Tonight We Ride!

September 28th, 2012 by Russel

20 Years of Critical Mass! See you down by the Ferry Building…
hearing rumors of people costuming up for tonight’s ride.
Be colorful and be CHILL….

For the Out-of-SF CM Riders, the Welcome Center (518 Valencia) is open today 1 to 4:30pm
This is the last day for the Welcome Center, so stop by and meet everybody before the Interstellar ride!

Justin Herman Plaza (foot of Market Street)
20th Anniversary Interstellar Critical Mass Ride

with special Kidical Mass contingent, parents, children, kids of all ages: meet at Justin Herman Plaza near fountain, plan is to ride with the main ride and then peel off to Dolores Park by 7 or a little after (less than an hour of riding)…)

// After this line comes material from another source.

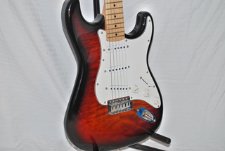New Gitano Strat Style Solid Alder Body 6-String Right Hand Electric Guitar. Maple 22 Fret Fingerboard, High Gloss Finish, Quilt Maple Top, Chrome Head, 3 Humbucker Pick-Ups, Volume, 2 Tone and 5 Way Lever Switching, Whammy Bar and White Pick Guard.

A Girl and Her Bike  (an FB female cyclists Group) is hosting a women’s ride contingent as apart of the main Critical Mass ride: Girls Roll DEEP

Bikes on Film:  Vintage Bicycle Film Festival, Oddball Films (275 Capp Street), Doors 8/Starts 8:30, $10 (This is a Benefit for Neighbors Developing Divisadero)

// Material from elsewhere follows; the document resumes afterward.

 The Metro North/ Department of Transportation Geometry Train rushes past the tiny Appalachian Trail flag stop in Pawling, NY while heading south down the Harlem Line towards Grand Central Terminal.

20 Responses to “Tonight We Ride!”

  1. SeeDub says:

    is there a published route for tonight’s critical mass or will you just ‘wing-it’?

  2. admin says:

    Winging it!

  3. JD says:

    You people are the scum of the earth. What if an ambulance needed to get through the city?

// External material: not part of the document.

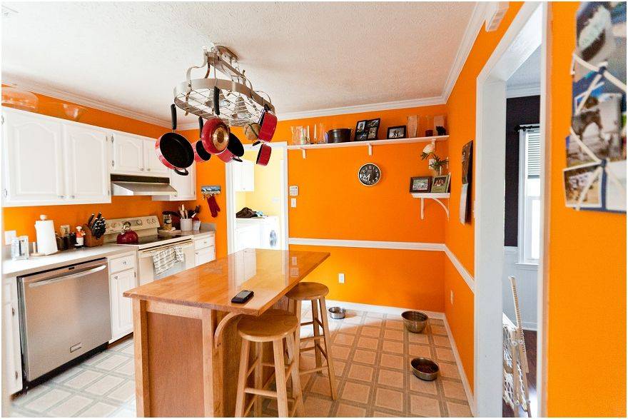 Можно попробовать и частичную окраску стен. Например, до уровня фартука либо обеденного стола. Опять же верх отдайте под белый, серый или любой другой спокойный оттенок. В результате даже очень тесное помещение будет казаться просторнее — и оранжевый цвет ничуть не будет этому помехой.

  4. As Earthly scum, we do a pretty fine job of getting out of the way of ambulances and other emergency vehicles. For evidence:

  5. JD says:


    What if an ambulance has to get through massive amounts of traffic that you cause? Bikes are easy to move quickly, cars are a bit more difficult in massive traffic as there is nowhere to go.

    What if some driver, upset with all the traffic, drives aggressively and causes a traffic accident that results in a death or serious injury?

    What about the hit to the economy? I’m sure the traffic causes businesses to lose customers for a multitude of reasons.

    While we can’t predict the future, we can mitigate risk. Causing a traffic pileup during Friday rush hour is sure to result in more bad outcomes than good ones.

    If you wanted to do this in a way that was morally righteous, you should pick a weekend early AM to lessen the impact on motorists. Maybe then you would get a bit more respect and tolerance on the road, at least from me.

  6. the voice of reason says:

    JD: If we used your logic and short-sighted POV, we’d say: You should pick a weekend early AM to drive your car, to lessen the impact on pedestrians and motorists.

    Why would you live in or visit a city like San Francisco if you feel this way? The sprawling suburbs and rural spaces that cover 90%+ of the countryside are perfect for you. Enjoy them while you can, because they will not last. (Not because of those pesky “scum of the earth” cyclists – but simply because that failed suburban experiment is not sustainable).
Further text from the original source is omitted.